Education.com

Clone a Plant

based on 1 rating
Author: Janice VanCleave

What You Need to Know

Cloning is the process of making an identical copy of an organism (a living thing). Vegetative reproduction is the cloning of a plant. DNA is the material inside the nucleus of every cell that contains the blueprint for all the characteristics of the organism.

How Does Cloning Work?

Every cell in your body contains DNA with the blueprint for your entire physical make up. For example, a heart cell contains DNA with all the information for eye color, hair color, height, whether you are a boy or girl, and so on. But during development, the DNA that develops into heart cells has the thousands of characteristics coded on it "silenced" except for heart characteristics. Nose cells have DNA with all characteristics silenced except for nose characteristics, and so on. In the process of cloning, scientists have found a way to give all the characteristics on the DNA in a single cell an active voice. This means that a new creature can develop from this single cell.

What Does This Have to Do with Cloning Plants?

In vegetative reproduction, the plant does not develop from a seed. Instead it develops from another part of the plant, such as the roots, the stems, or the leaves of a parent plant. The new plant is identical to the parent plant, so it is a clone. One method of using vegetative reproduction to grow new plants is the use of cuttings, also called slips. A cutting or slip is a piece of a stem or leaf that is capable of growing into a new plant. Cuttings grow into a new plant if a special type of root can grow at the end of the cutting. These roots are called adventitious roots. Some plants can be easily cloned from cuttings, while others can't.

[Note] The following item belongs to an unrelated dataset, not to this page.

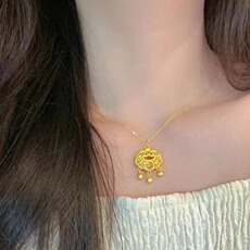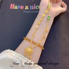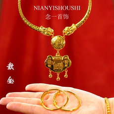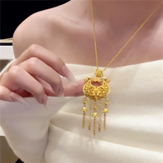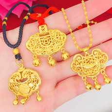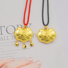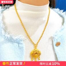 越南沙金长命锁吊坠女士镀金民族风平安锁项链项坠宝宝小孩包金锁

What Does This Have to Do with Cloning Plants?

Fun Fact

Is cloning a process that humans discovered? No. An example of natural cloning, or vegetative reproduction, is the strawberry plant. This plant grows runners (stems that grow across the surface of the ground). These runners develop roots, which grow into the ground, and new plants develop.

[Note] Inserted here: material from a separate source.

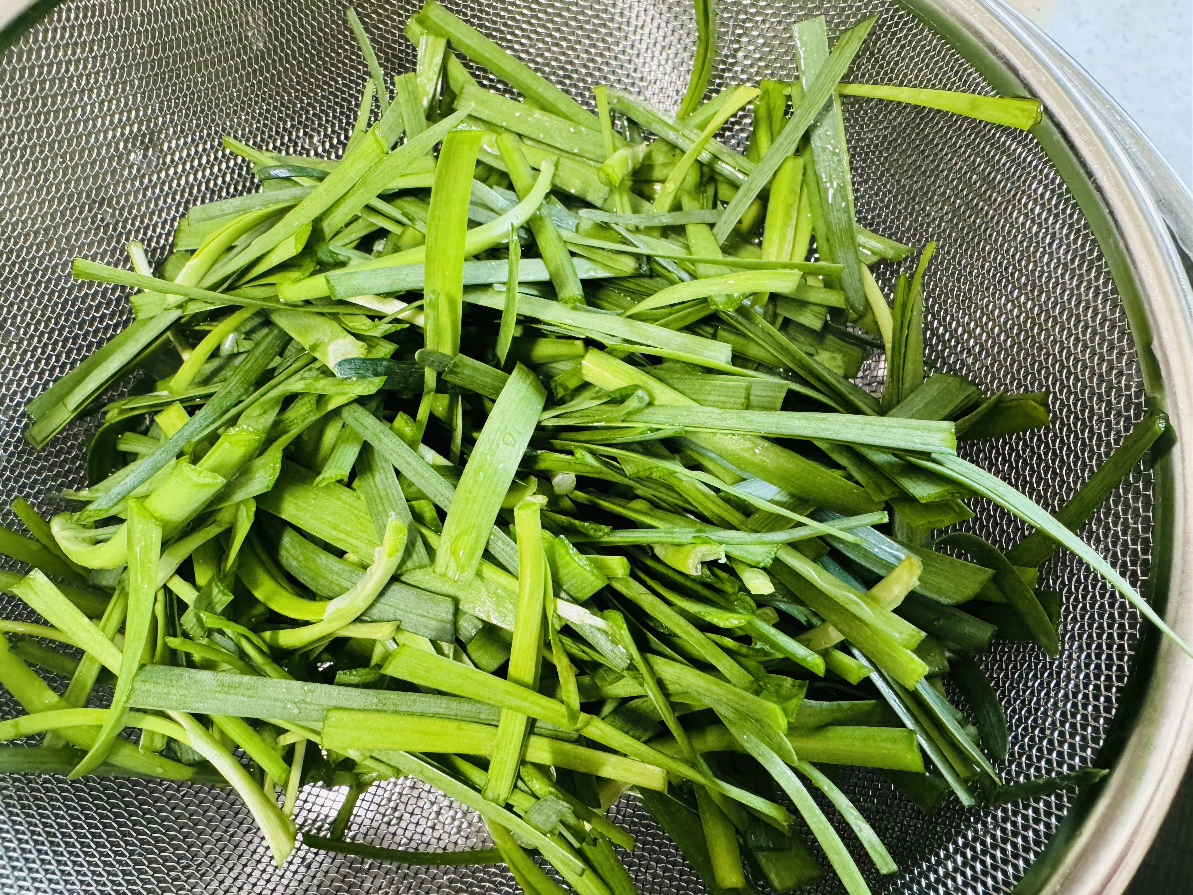 부추는 손가락 두마디 정도로 잘라 깨끗하게 씻은 뒤 끓는물에 살짝 데쳐 준비해 주세요.

Real-Life Science Challenge

In 1952, the first animal, a tadpole, was cloned. The first mammal (any of a class of animals with backbones and that nurse their young), a sheep named Dolly, was cloned in 1997. Since Dolly's birth, other animals have been cloned.

Experiment

Now, start experimenting with vegetative reproduction.

Hints

  • Research to find out which types of plants are easiest to clone.
  • Think about what all plants need to grow.
  • Take several cuttings from one kind of plant.